§ **WORK TASK**: Leaving out all pictures, return exactly the lines from the one that contains "BD46-47 – BECHERSPENDER" through the end of the data below.

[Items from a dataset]
- Opening Delimiter -
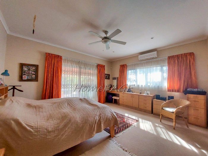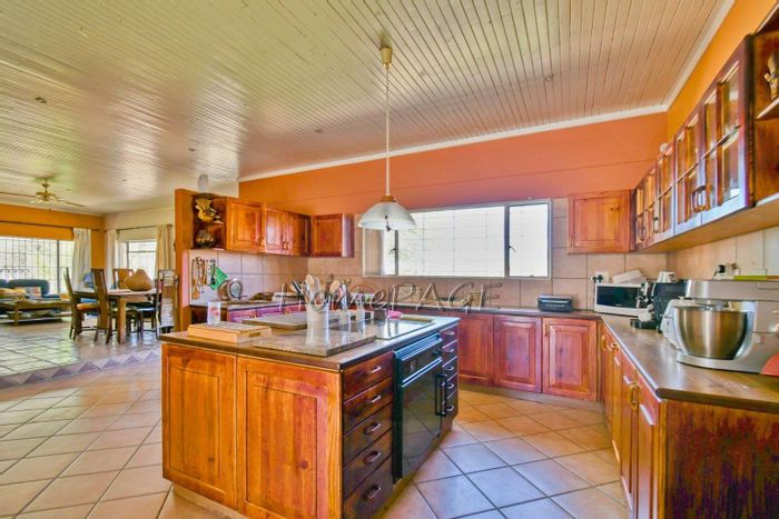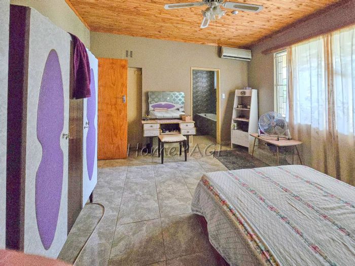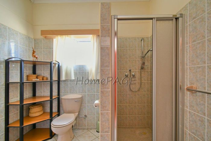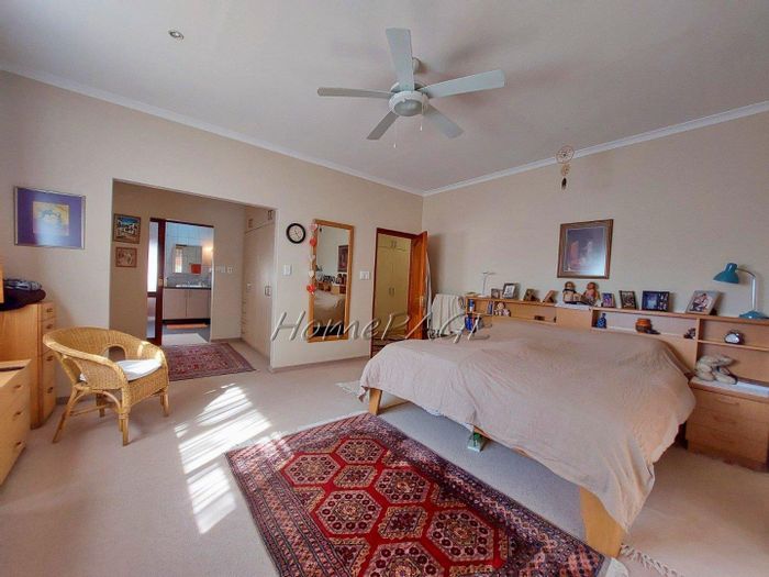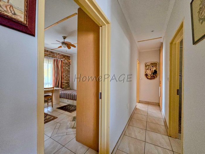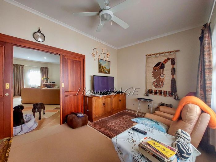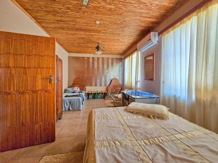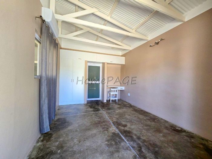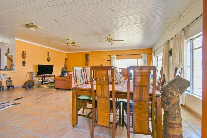 Spacious property with main home, two flats, outbuildings, large garden, solar system, and security features, priced at N$4,725,000.
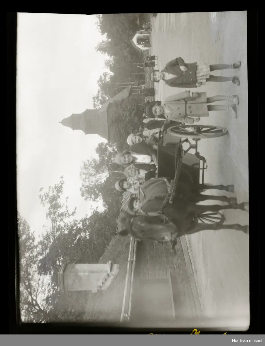 Barn i en vagn dragen av häst. Skansen, Stockholm.
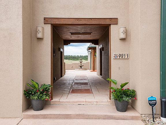 Don’t miss out on the opportunity to own this gorgeous custom Santa Fe style home on 38 acres of horse property! With tons of upgrades, this unparalleled Colorado retreat will take your breath away! As you enter the home you are drawn to the bright and open floor-plan with original wood beams. The entertainer’s kitchen features granite counters, hickory cabinets, stainless steel appliances, a double oven and oversized walk-in pantry. Retreat down a gorgeous breezeway which leads into a beautiful courtyard with swim spa and custom wood burning fireplace where you can enjoy a barbecue, gathering, or enjoy your morning cup of coffee. The very rare rooftop deck boasts 360-degree views of the Pikes Peak Mountain Range. A main floor primary bedroom suite has a large walk-in closet and 5 piece bath. Downstairs you will find a spacious, fully finished basement with a state-of-the-art gym, sauna, kitchenette, a second laundry room with a spa-like bathroom including 3 sinks and 2 showers. You will love the one-of-a-kind construction with Insulated Concrete Foundation and walls on both floors, perfect for energy efficiency. There is also geo-thermal heating with in-floor radiant heat that makes for cozy winter months. There is a back up generator for the home as well! There is a fully-equipped mother-in-law suite inside the garage which has a kitchen, living space, and bedroom. With 38 acres zoned for agricultural, you will love the amazing tax benefit! The sprawling land features a beautiful barn for your horses with new concrete and 6 new stalls and attached 15 ft by 36 ft loft with a 12ft by 6ft deck which can be used as a private work studio or storage space. There are 6 pastures, a 100ft by 75ft arena and unlimited potential! There are 3 loafing sheds on the horse property. This energy efficient and unique dream home is truly one of a kind!
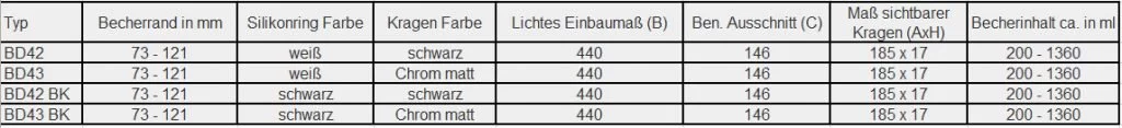 BD46-47 – BECHERSPENDER – EINBAU – 200-710 ML (Kurz)
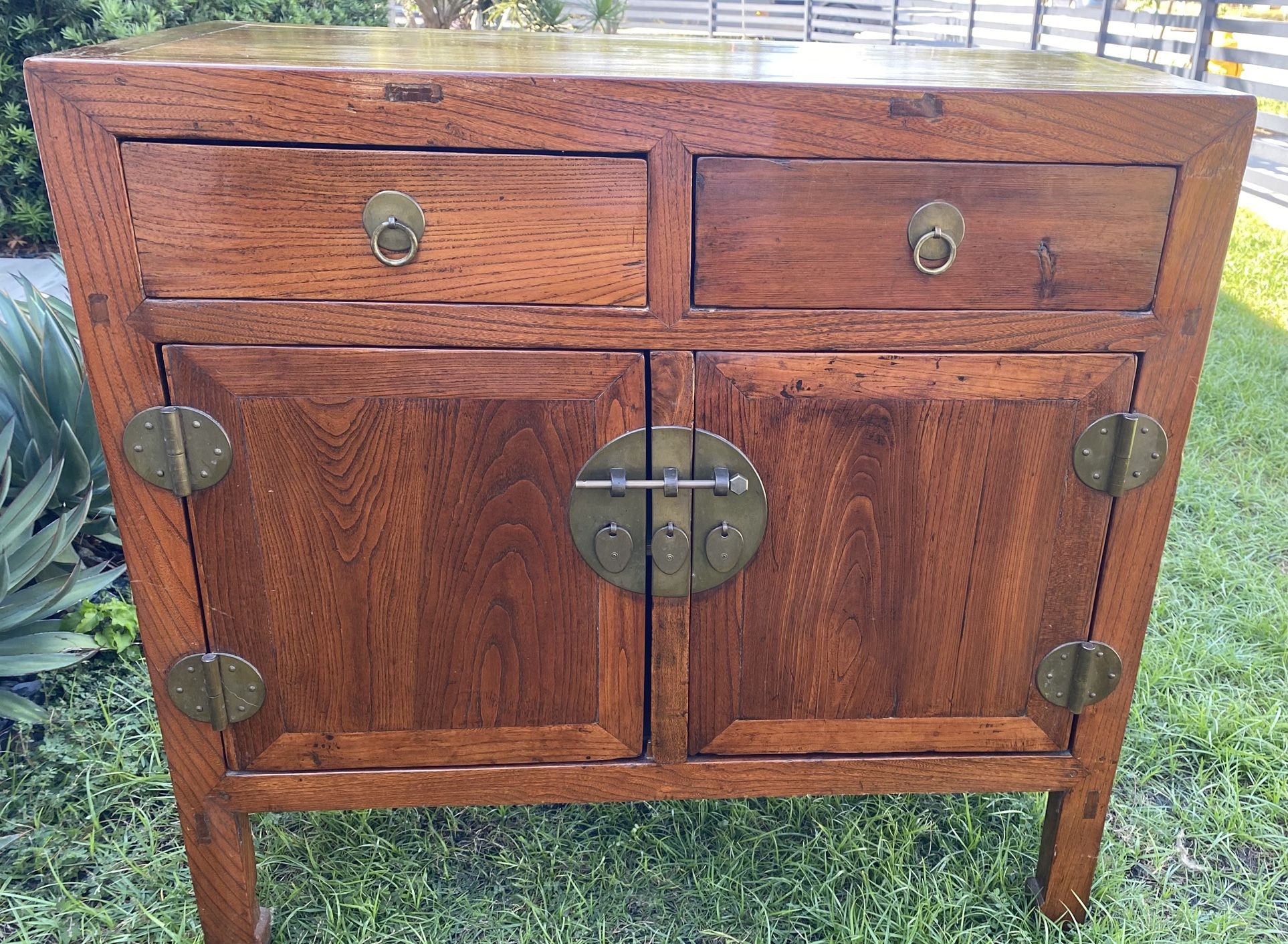Beautiful antique Asian wood credenza. This is an original piece, unfortunately I lost the paperwork but it is from the 1800’s. The workmanship is superb with mortise and tenon joinery. 2 drawers at the top and a shelf inside the cabinet. 37 1/4” tall 38 1/2” wide 17 3/4” deep
- Closing Delimiter -
§ **TASK ANSWER**:
 BD46-47 – BECHERSPENDER – EINBAU – 200-710 ML (Kurz)
Beautiful antique Asian wood credenza. This is an original piece, unfortunately I lost the paperwork but it is from the 1800’s. The workmanship is superb with mortise and tenon joinery. 2 drawers at the top and a shelf inside the cabinet. 37 1/4” tall 38 1/2” wide 17 3/4” deep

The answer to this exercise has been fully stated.